Fight with graphql-worker{1,2} so they properly register on the cluster rancher

Status on the graphql cluster mess.
Only one node registered properly within the "cluster-graphql".
No logs whatsoever helps in determining why others are just stuck in registering and doing nothing but wait.

I've created another cluster "cluster-graphql2" (through terraform).
I've tried after cleaning up the graphql-worker{1,2,3} to register it to that new cluster.
Again to the same result without much clues to go on to debug.

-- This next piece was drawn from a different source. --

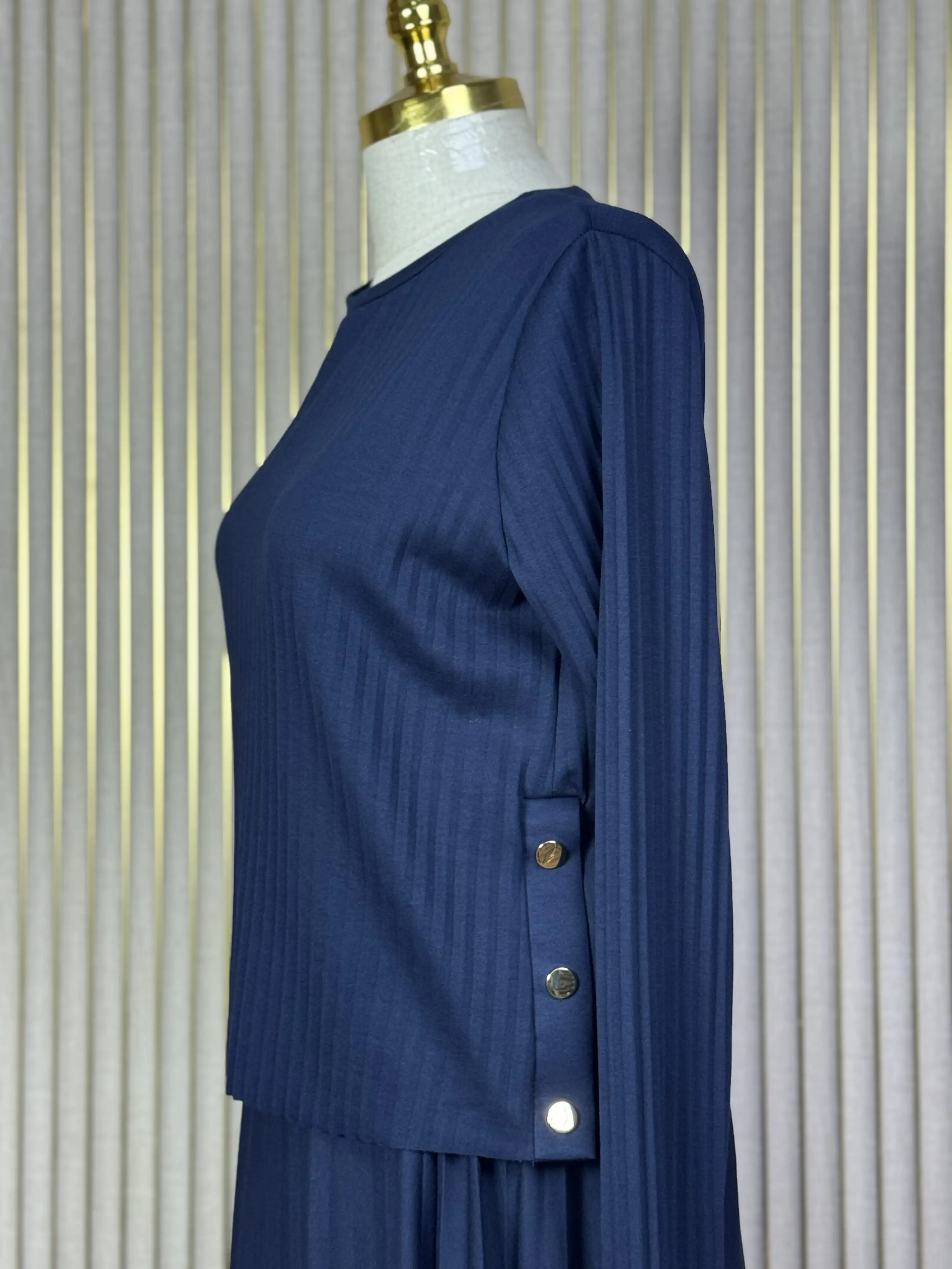 MY312 Lacivert Renk Piliseli Takım, her kadının gardırobunda olması gereken şık ve şık bir seçenektir. Yüksek kaliteli kumaşı ve özenle işlenmiş detaylarıyla tarzınızı ön plana çıkaracak bir parçadır.
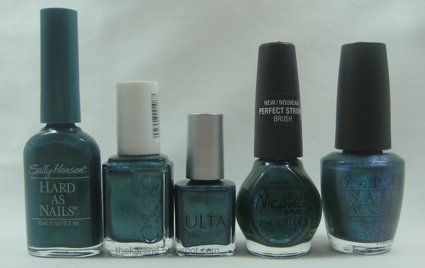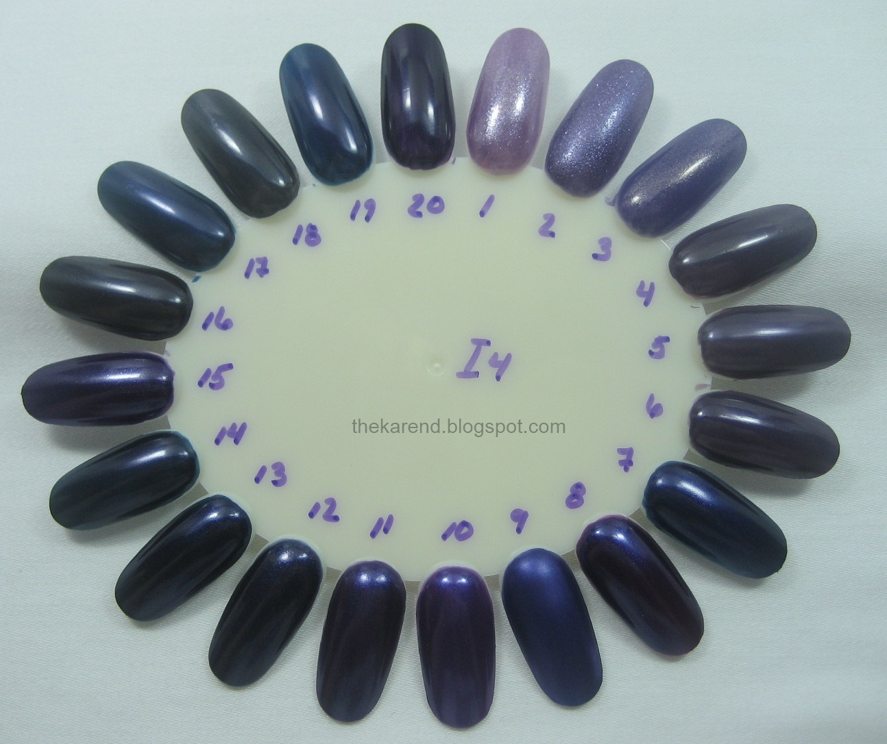 As I mentioned when I shared this display photo I shared last month, every time I came across it, some of the colors were already sold out. A couple weeks agao, I was in a Meijer where they must have put it out late, as there was at least one of each color left, so I was able to reassure myself that I hadn't really missed anything that was new with this display. I did pick up the two I hadn't seen in a Studio M bottle before as well as few others. I'm going to be giving away these colors to one of the commenters on this entry, so keep that in mind as you look at the swatches so you can decide if you want in on the drawing. (The bottles I'm giving away will be the ones I used, so if that squicks you out and you still want to comment, just let me know you don't want in on the giveaway.)

I've then tried to remove that cluster altogether and that failed poorly as well.
It's just plainly refuse to destroy that cluster be it through terraform or through the rancher ui.

So in the end, fed up with banging my head against the wall, i've removed that state from terraform [1]

[1]

terraform state rm rancher2_cluster.cluster-graphql2
Removed rancher2_cluster.cluster-graphql2
Successfully removed 1 resource instance(s).

(w/ amadou) we've finally managed to create a new cluster graphql "cluster-graphql3" with a specific version (matching the one from the internship) [1]
(commits on their way)

We'll decomission the previous stuck "cluster-graphql" and migrate the node attached to that cluster to the one that works.
^ Once we are done with the argocd installation.

[1] kubernetes_version = "v1.21.12-rancher1-1"

ArgoCD deployed graphql to staging [1]

TODO:

  • Install argocd through the admin rp (instead of the opened rule to allow access to it through vpn)
  • Make argocd deal with itself now that the bootstrap is done
  • Install load-balancer to access the graphql backend instead of a hard-coded member of the ingress (actually unsure whether < is necessary or not). [2]

[1]

[2] https://forge.softwareheritage.org/source/puppet-swh-site/browse/production/data/deployments/staging/common.yaml$152

ardumont changed the status of subtask T4413: Deploy argocd on admin vlan from Open to Work in Progress.Jul 29 2022, 6:20 PM
ardumont claimed this task.
ardumont moved this task from deployed/landed/monitoring to done on the System administration board.